=== Task prompt ===
Give back the whole listing exactly as written, pictures excluded.

=== Material shown ===

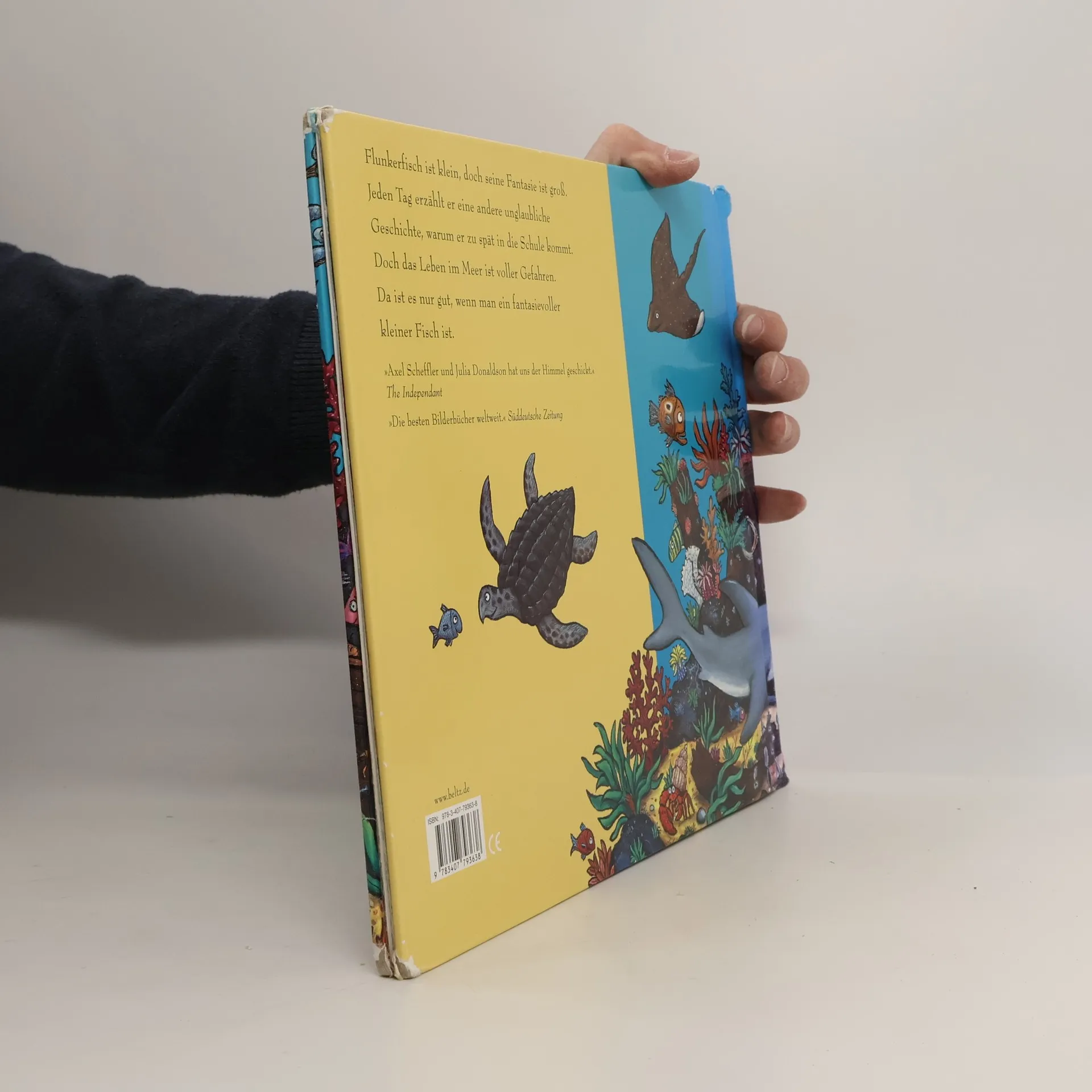 Flunkerfisch ist klein, doch seine Fantasie ist groß. Und das kann lebenswichtig sein. Ein unvergleichliches Bilderbuch, in Reimen erzählt, mit wundervollen Bildern von Axel Scheffler und Julia Donaldson, deren “Grüffelo” es weltweit in millionenfacher Auflage gibt. Flunkerfisch ist klein, doch seine Fantasie ist groß. Jeden Tag erzählt er eine andere unglaubliche Geschichte, warum er zu spät in die Schule kommt: dass er auf einem Seepferdchen ritt, mit Delfinen tauchte oder in einer Schatztruhe gefangen war. Doch das Leben im Meer ist voller Gefahren. Da ist es nur gut, wenn man ein fantasievoller kleiner Fisch ist. Eine Ode an die Fantasie von kleinen Kindern. Ein Klassiker zum Vorlesen von den Schöpfern des weltberühmten »Grüffelo«.
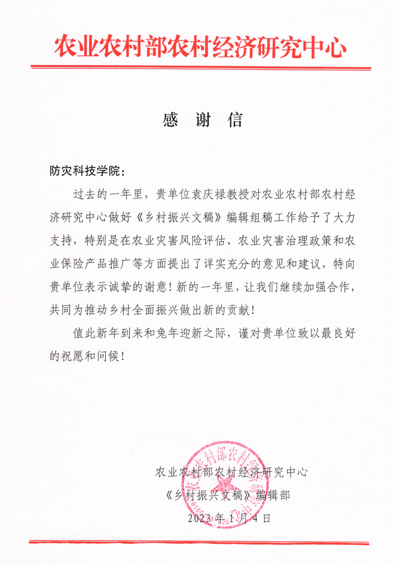 农业农村部农村经济研究中心向公司发来感谢信
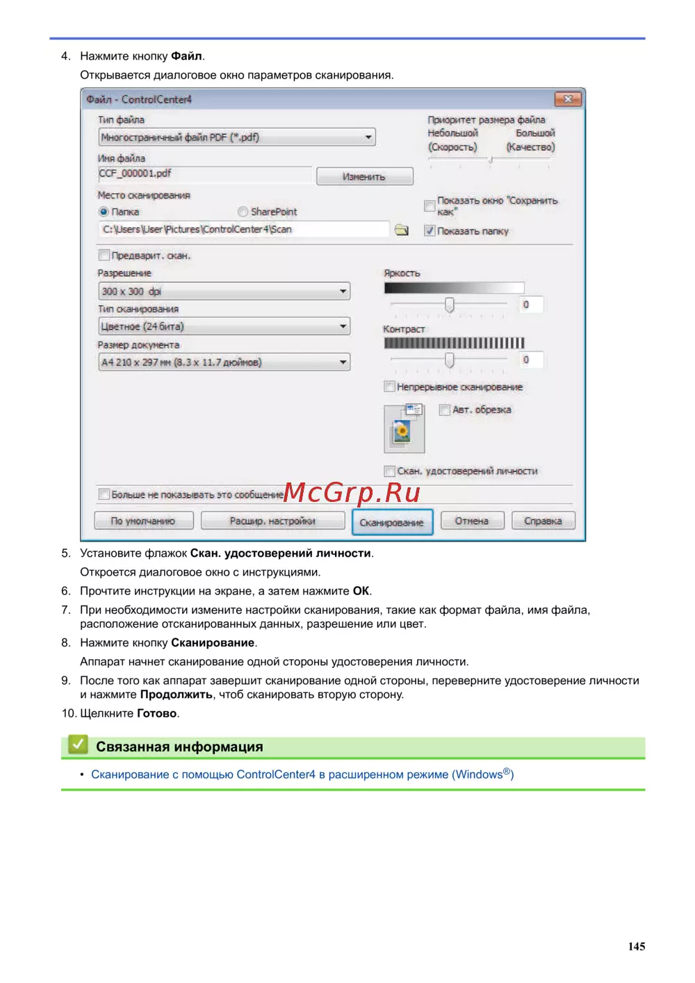 • Сканирование с помощью ControlCenter4 в расширенном режиме (Windows
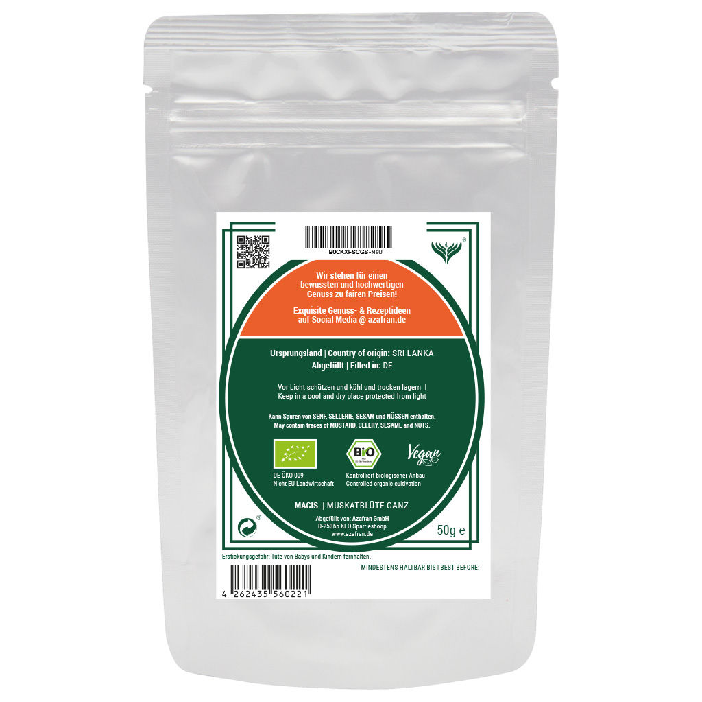 Macis ganz im wiederverschließbaren Aromabeutel (à 50g) verpackt (Versandkostenfrei innerhalb von Deutschland geliefert).
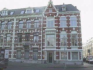 Hoekpand in neorenaissancestiji, gedateerd 1887. Breedte drie venster- assen, hoogte parterre met twee verdiepingen. De linker vensteras risaleert en heeft een puntgevel. Geglazuurde baksteen met natuurstenen sierdelen. Sierankers. Hardstenen plint; ingang en venster daar boven geflankeerd door pilasters met rolwerkornament.
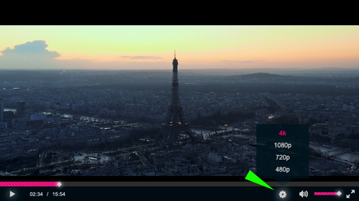 Sidder man på et sløvt netværk, der har svært ved at trække en kvalitet i 4k, kan man skrue ned til 1080p, der også er flot HD-kvalitet. Det foregår på tandhjulet nederst til højre i afspilleren (se billede herunder).
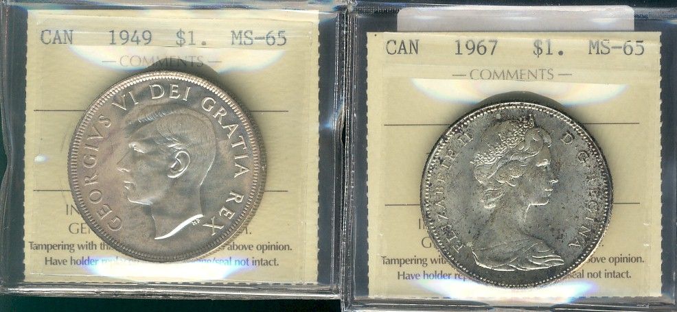 1949 $1 & 1967 ICCS MS65. Lot of 2 coins.
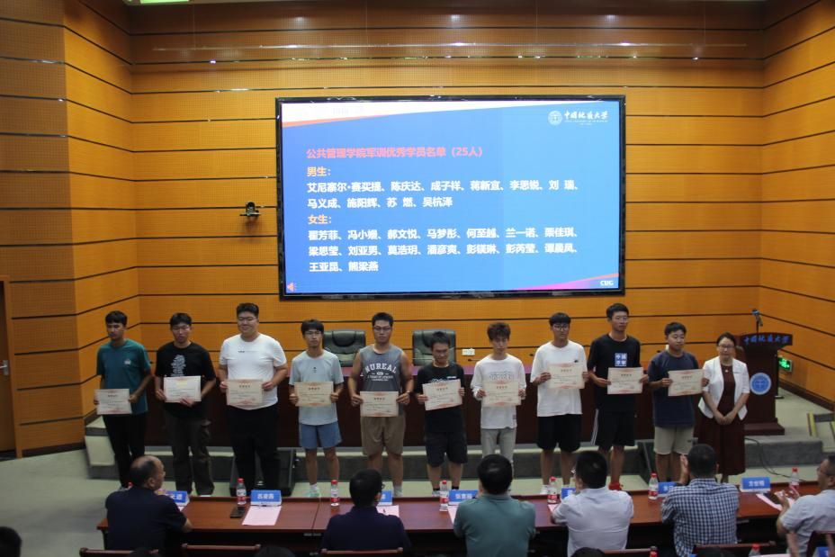 辅导员罗智霖宣读受表彰的军训优秀个人名单,朱江洪、吕凌燕为公司2024年军训优秀个人颁发荣誉证书。
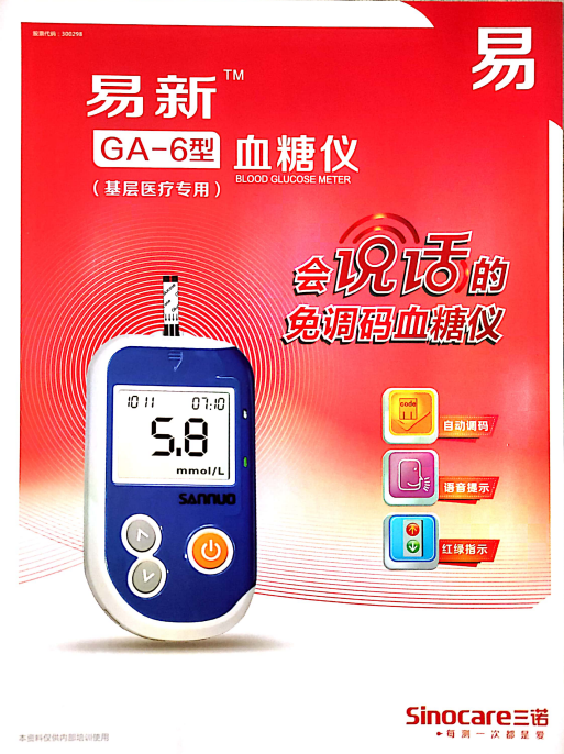 三诺GA-6血糖仪是三诺公司专门为基层卫生机构专门定制的一款“又便宜质量又好”的血糖仪,属于医用血糖仪的范围,药店几乎看不到。

=== Completed exercise ===
 Flunkerfisch ist klein, doch seine Fantasie ist groß. Und das kann lebenswichtig sein. Ein unvergleichliches Bilderbuch, in Reimen erzählt, mit wundervollen Bildern von Axel Scheffler und Julia Donaldson, deren “Grüffelo” es weltweit in millionenfacher Auflage gibt. Flunkerfisch ist klein, doch seine Fantasie ist groß. Jeden Tag erzählt er eine andere unglaubliche Geschichte, warum er zu spät in die Schule kommt: dass er auf einem Seepferdchen ritt, mit Delfinen tauchte oder in einer Schatztruhe gefangen war. Doch das Leben im Meer ist voller Gefahren. Da ist es nur gut, wenn man ein fantasievoller kleiner Fisch ist. Eine Ode an die Fantasie von kleinen Kindern. Ein Klassiker zum Vorlesen von den Schöpfern des weltberühmten »Grüffelo«.
 农业农村部农村经济研究中心向公司发来感谢信
 • Сканирование с помощью ControlCenter4 в расширенном режиме (Windows
 Macis ganz im wiederverschließbaren Aromabeutel (à 50g) verpackt (Versandkostenfrei innerhalb von Deutschland geliefert).
 Hoekpand in neorenaissancestiji, gedateerd 1887. Breedte drie venster- assen, hoogte parterre met twee verdiepingen. De linker vensteras risaleert en heeft een puntgevel. Geglazuurde baksteen met natuurstenen sierdelen. Sierankers. Hardstenen plint; ingang en venster daar boven geflankeerd door pilasters met rolwerkornament.
 Sidder man på et sløvt netværk, der har svært ved at trække en kvalitet i 4k, kan man skrue ned til 1080p, der også er flot HD-kvalitet. Det foregår på tandhjulet nederst til højre i afspilleren (se billede herunder).
 1949 $1 & 1967 ICCS MS65. Lot of 2 coins.
 辅导员罗智霖宣读受表彰的军训优秀个人名单,朱江洪、吕凌燕为公司2024年军训优秀个人颁发荣誉证书。
 三诺GA-6血糖仪是三诺公司专门为基层卫生机构专门定制的一款“又便宜质量又好”的血糖仪,属于医用血糖仪的范围,药店几乎看不到。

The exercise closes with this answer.